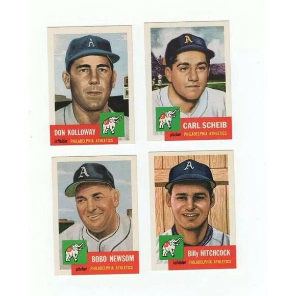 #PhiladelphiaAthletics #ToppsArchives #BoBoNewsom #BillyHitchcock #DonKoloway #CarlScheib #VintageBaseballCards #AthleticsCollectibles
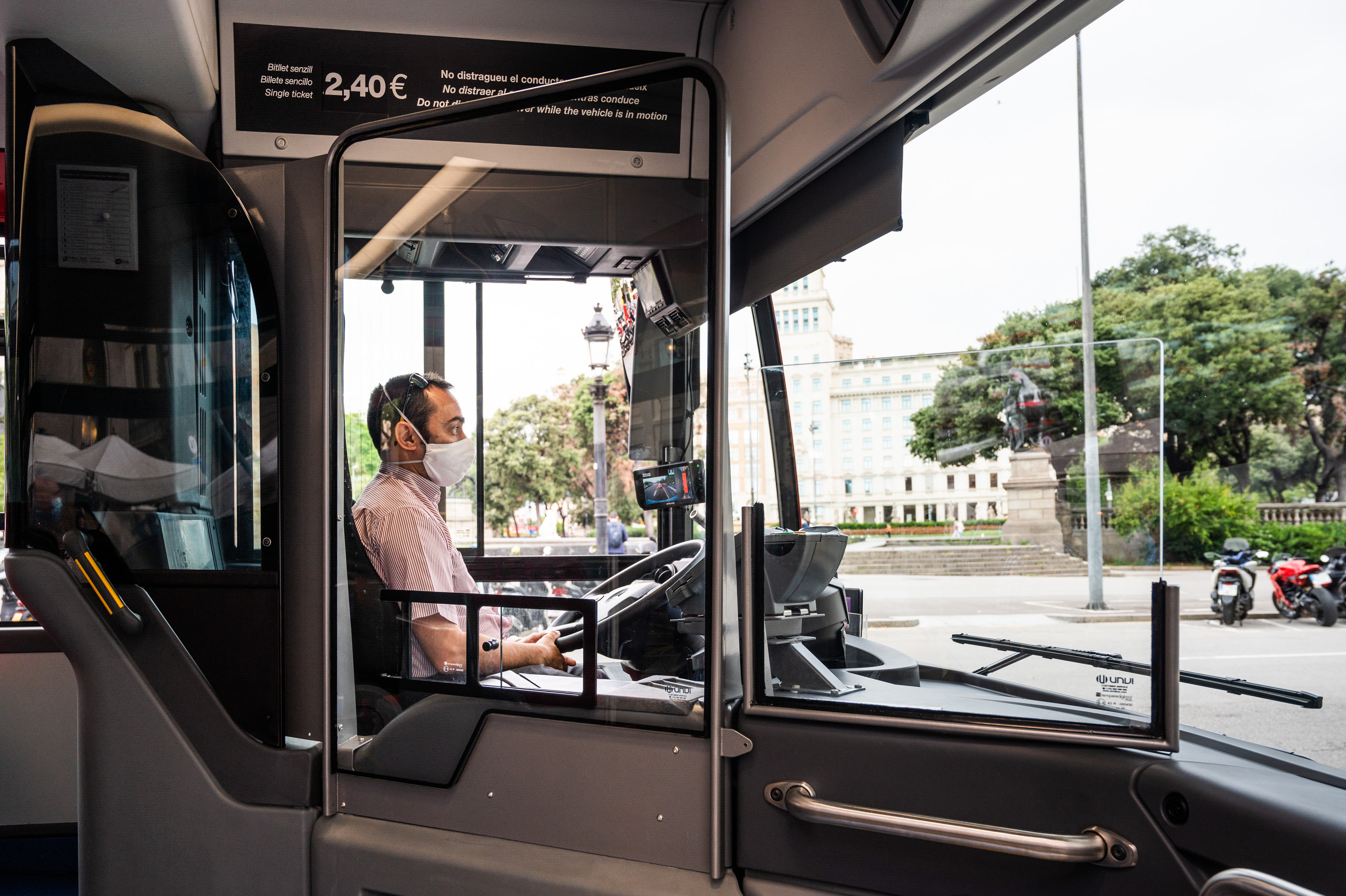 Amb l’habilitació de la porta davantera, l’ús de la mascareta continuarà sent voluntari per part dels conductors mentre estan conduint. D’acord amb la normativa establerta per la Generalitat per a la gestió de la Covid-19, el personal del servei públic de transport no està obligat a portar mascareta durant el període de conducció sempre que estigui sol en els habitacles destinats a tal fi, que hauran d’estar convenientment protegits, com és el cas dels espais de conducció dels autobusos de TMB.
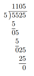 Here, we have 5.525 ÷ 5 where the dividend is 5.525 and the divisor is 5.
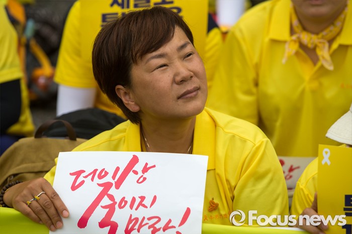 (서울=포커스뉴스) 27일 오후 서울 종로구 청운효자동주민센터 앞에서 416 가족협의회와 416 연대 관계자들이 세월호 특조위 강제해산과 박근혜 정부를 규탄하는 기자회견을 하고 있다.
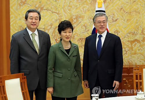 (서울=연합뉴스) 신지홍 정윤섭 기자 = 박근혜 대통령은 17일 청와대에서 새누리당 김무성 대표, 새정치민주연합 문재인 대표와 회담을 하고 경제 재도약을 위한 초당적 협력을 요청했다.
***
▶ _Work task_
Leave every picture out, and transcribe the data above exactly as it reads.

▶ _Response area_
 #PhiladelphiaAthletics #ToppsArchives #BoBoNewsom #BillyHitchcock #DonKoloway #CarlScheib #VintageBaseballCards #AthleticsCollectibles
 Amb l’habilitació de la porta davantera, l’ús de la mascareta continuarà sent voluntari per part dels conductors mentre estan conduint. D’acord amb la normativa establerta per la Generalitat per a la gestió de la Covid-19, el personal del servei públic de transport no està obligat a portar mascareta durant el període de conducció sempre que estigui sol en els habitacles destinats a tal fi, que hauran d’estar convenientment protegits, com és el cas dels espais de conducció dels autobusos de TMB.
 Here, we have 5.525 ÷ 5 where the dividend is 5.525 and the divisor is 5.
 (서울=포커스뉴스) 27일 오후 서울 종로구 청운효자동주민센터 앞에서 416 가족협의회와 416 연대 관계자들이 세월호 특조위 강제해산과 박근혜 정부를 규탄하는 기자회견을 하고 있다.
 (서울=연합뉴스) 신지홍 정윤섭 기자 = 박근혜 대통령은 17일 청와대에서 새누리당 김무성 대표, 새정치민주연합 문재인 대표와 회담을 하고 경제 재도약을 위한 초당적 협력을 요청했다.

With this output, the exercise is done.